According to Brian Michael Jenkins, those labelled domestic terrorists – people marching with guns or those wearing military uniforms – are performative rather than indicative of a real class of terrorists in America.
This is not the ’60s or ’70s, when radical groups, even the civil rights and peace movements, were driven to violence. I don’t think terrorism is a particularly useful framework for viewing this problem.
Jenkins, an expert on civilian terrorism who used to be a government official called for a distinction between terrorism and political violence.
“Is political violence on the rise in America? Yes, it is. But everything that is extreme is on the rise, whereas terrorism, violence intended to bring America to its knees or overthrow the state, really doesn’t exist.”
One might not like that so many reject the current political order, but they are still trying to get their candidate elected, not pull off some coup to overthrow the government.
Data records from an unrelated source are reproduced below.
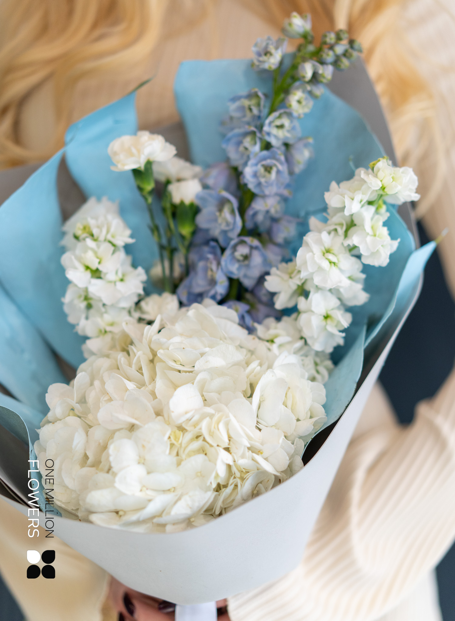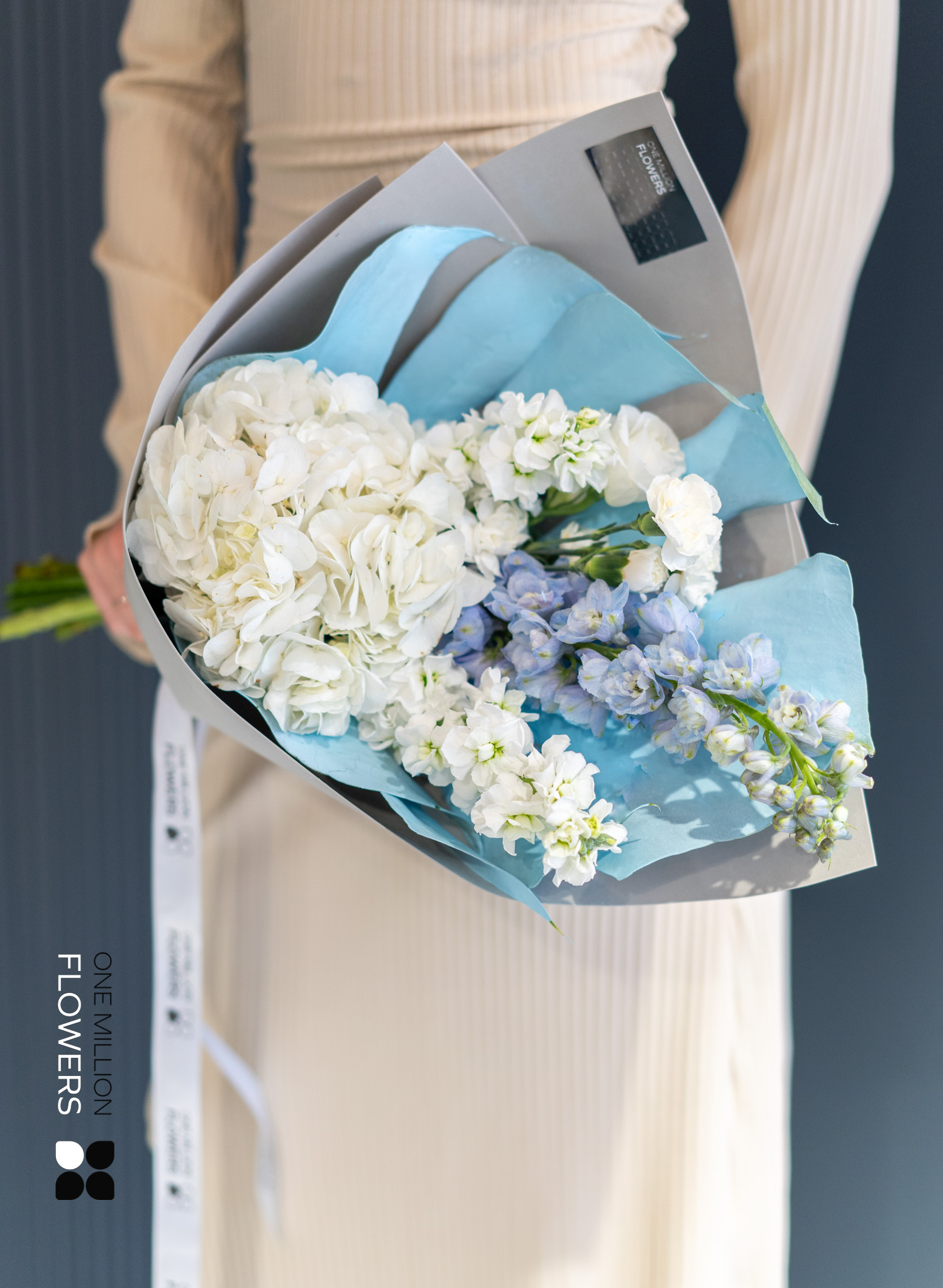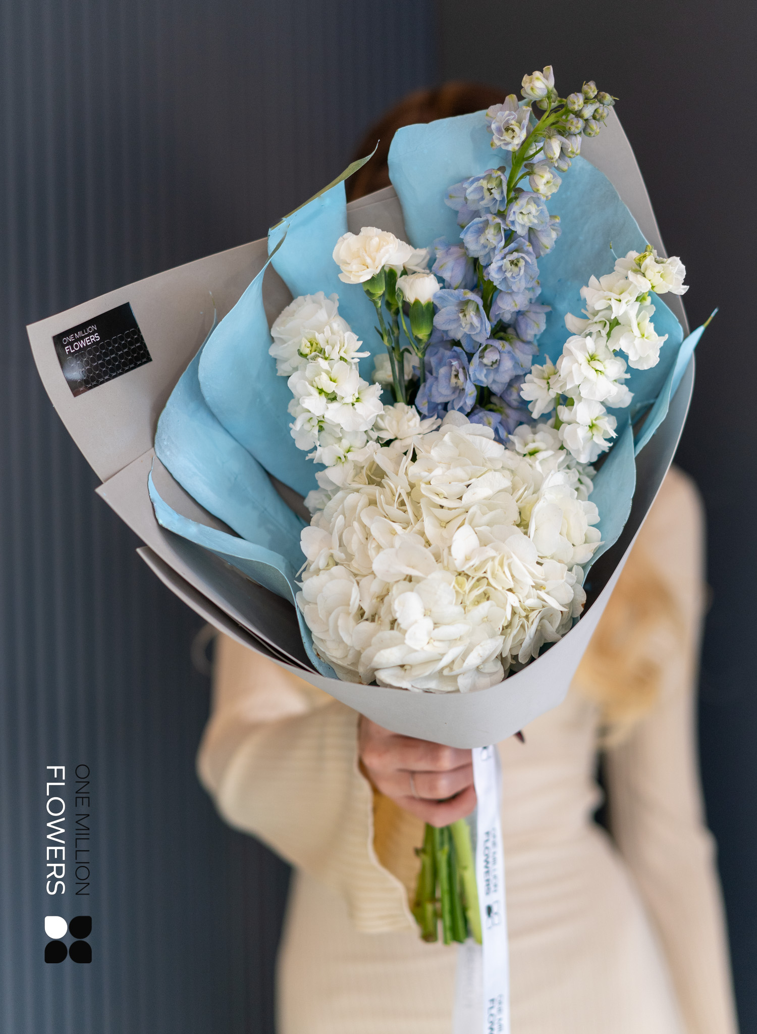Букет "Кой Дели" Grey — это воплощение утонченной красоты, собранное из тщательно подобранных цветов. Он включает в себя 1 шт. кустового диантуса (гвоздики) белого, 1 шт. белой эустомы, 1 шт. монстеры, 2 шт. маттиолы белой, 1 шт. дельфиниума и 1 шт. белой гортензии. Каждый цветок в этом букете создает гармоничное сочетание, подчеркивающее его изысканный стиль и свежесть.
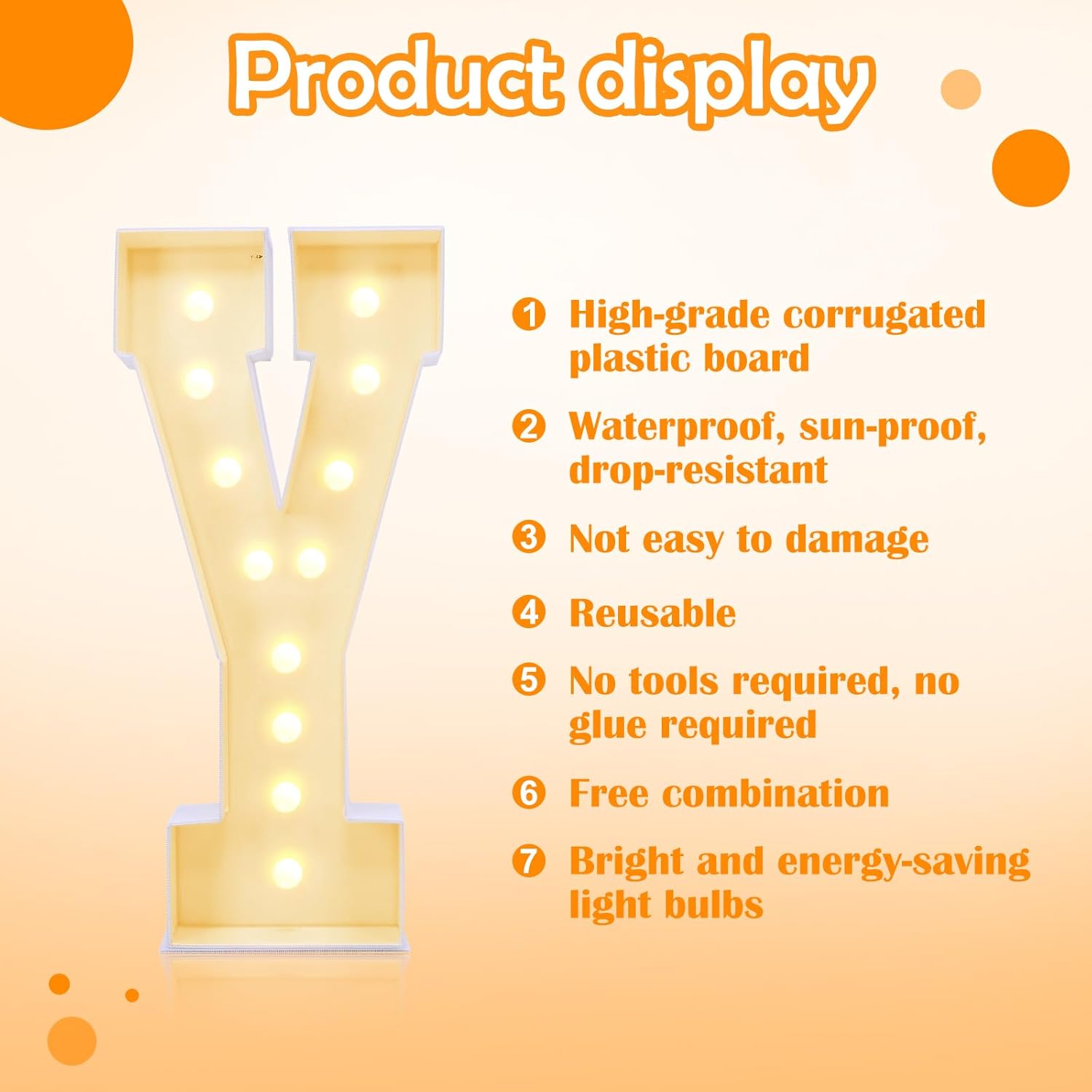 - Reusable Large Light Up Letters: While others may use single-use KT boards, our large marquee for letters are made from corrugated plastic board, offering versatility and reuse. After your event, simply disassemble large light up letters into components that can serve multiple purposes. Rather than discarding big letters for party, explore how they can be applied in different ways, extending their functionality and value
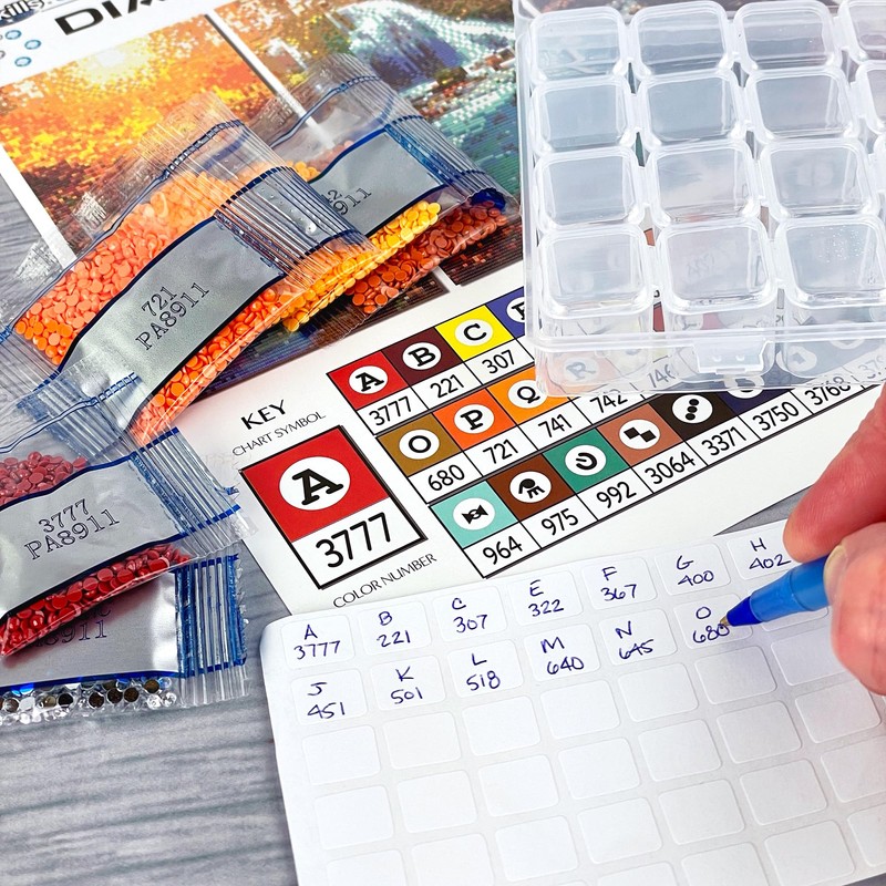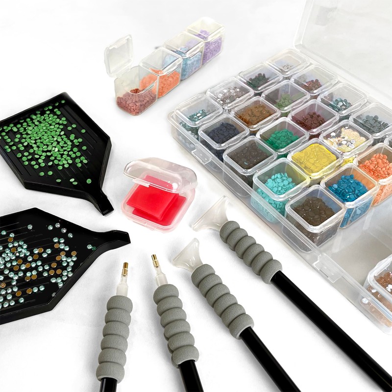 • Diamond Painting Accessories C With two diamond trays, four diamond painting pens, drill storage containers with labels, and two pieces of diamond painting wax, you can have fun creating your dazzling work of art right out of the box.

According to the Bureau, the FBI field offices have only about 4,500 agents, intelligence analysts, attorneys and other terrorism-related personnel. Only about a quarter of them are dedicated to domestic terrorism.
Domestic terrorism is defined in federal law as domestic activity involving acts dangerous to human life that are a violation of the criminal laws of the United States or of any state.
The government usually uses the terms “domestic terrorism” and “domestic violent extremism” interdependently. However, terrorism is defined in legislation, while extremism avoids the label “terrorist.”
A senior intelligence official working in the Office of the Director of National Intelligence suggested that Biden’s rhetoric on domestic terrorism could encourage his opponents to take stronger action, especially those who have now lost faith in the election or believe the system is rigged against them.
“So we have the president increasing his own inflammatory rhetoric which leads Donald Trump and the Republicans to do the same, which influences the news media, which influences the rhetoric. The FBI? It’s just in the middle of this mess, probably heading for trouble but mostly left out on a limb by the anger and indifference of the American public.”